Some Oregonians say they would rather move Idaho’s border. Since 2020, Malheur and 12 other eastern Oregon counties have voted in support of the Greater Idaho movement, which seeks to move Idaho’s borders to encompass much of the eastern half of Oregon.

Supporters of the movement see Idaho as a better match for the region than the progressive policies produced west of the Cascade Range.

“I think most people here align, in many ways, with the political environment in Idaho, much more so than they do in Oregon,” said Myers.

Any change of the border would be a drawn-out, constitutionally complicated process, requiring support from the Oregon and Idaho legislatures, as well as Congress. Given the obvious political divides, such a step appears unlikely, even to those sympathetic to the movement.

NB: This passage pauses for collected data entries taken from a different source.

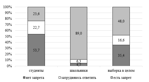 Учащиеся, которые знают о запрете на использование телефонов во время учебных занятий, ожидаемо реже это делают, чем учащиеся, которые о таком запрете не знают или сомневаются в его наличии (Н=10,16; р=0,006). Однако, как показали результаты исследования, независимо от наличия/отсутствия запретительных мер и школьники, и студенты используют телефоны в личных целях на учебных занятиях (рис. 1).
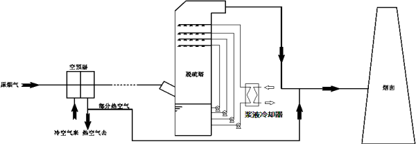 煙氣經漿液換熱冷卻降低煙溫降低3-5度,絕對濕度降低;在空預器出口或引風機出口布置煙氣降溫換熱以提取煙氣熱量,
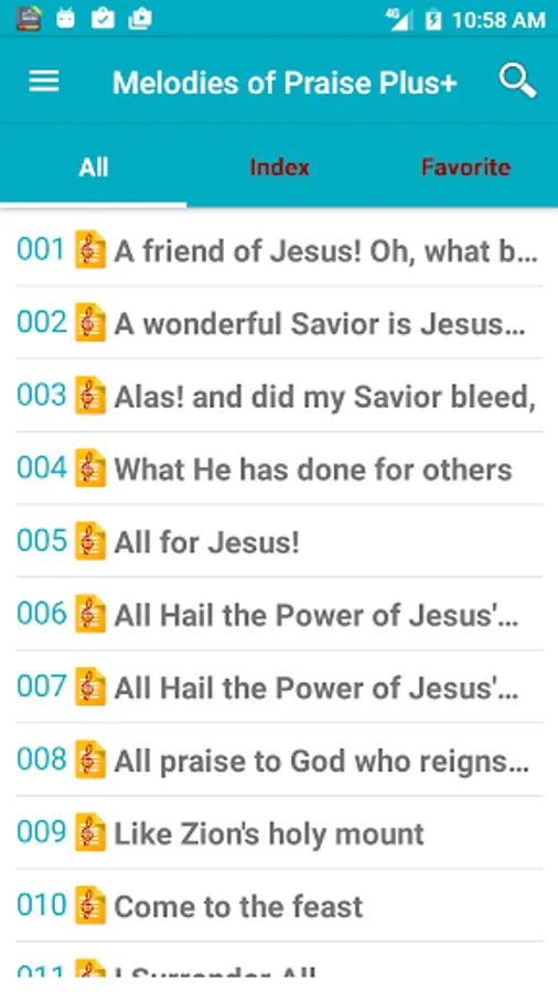 -You can add a particular hymn you like to the "Favourite" tab so that it can appear as your favourite hymn and you can still remove hymns that are no longer your favourite from the favourite tab.

“I have other things to do with my time than spend it on something that absolutely will never happen,” said Findley, the state senator.

Little, the Idaho governor, said he supports discussions of the Greater Idaho movement, which several Idaho legislators have proposed.

But he felt any proposal was unlikely to pass the Democratic-controlled Oregon Legislature, much less Congress, due to the electoral advantages it would give the Republican Party.

“Quite a few Oregon ranchers, some are in Idaho, they’re great friends and neighbors of mine, so I’m very sympathetic,” said Little, himself a rancher. “It doesn’t mean that an operator that thinks they’re stuck in Oregon can’t do some of their commerce in Idaho.”

Leaders of the Greater Idaho movement have requested a discussion with Kotek, Oregon’s governor, though she has given no indication she intends to meet.

“I know there’s a lot of folks who are interested in the actual measure and the path there, but I want to make sure these are constructive conversations,” said Kotek, a Democrat. “I want people to believe in Oregon, stay in Oregon, but I also want their grievances and concerns to be heard and addressed.”

Skeen, the onion farmer, said he’d love for the border to be moved, so he doesn’t have to. But he recognizes it’s unlikely.

“I have got to die in Idaho,” said Skeen. “And it’s a shame.”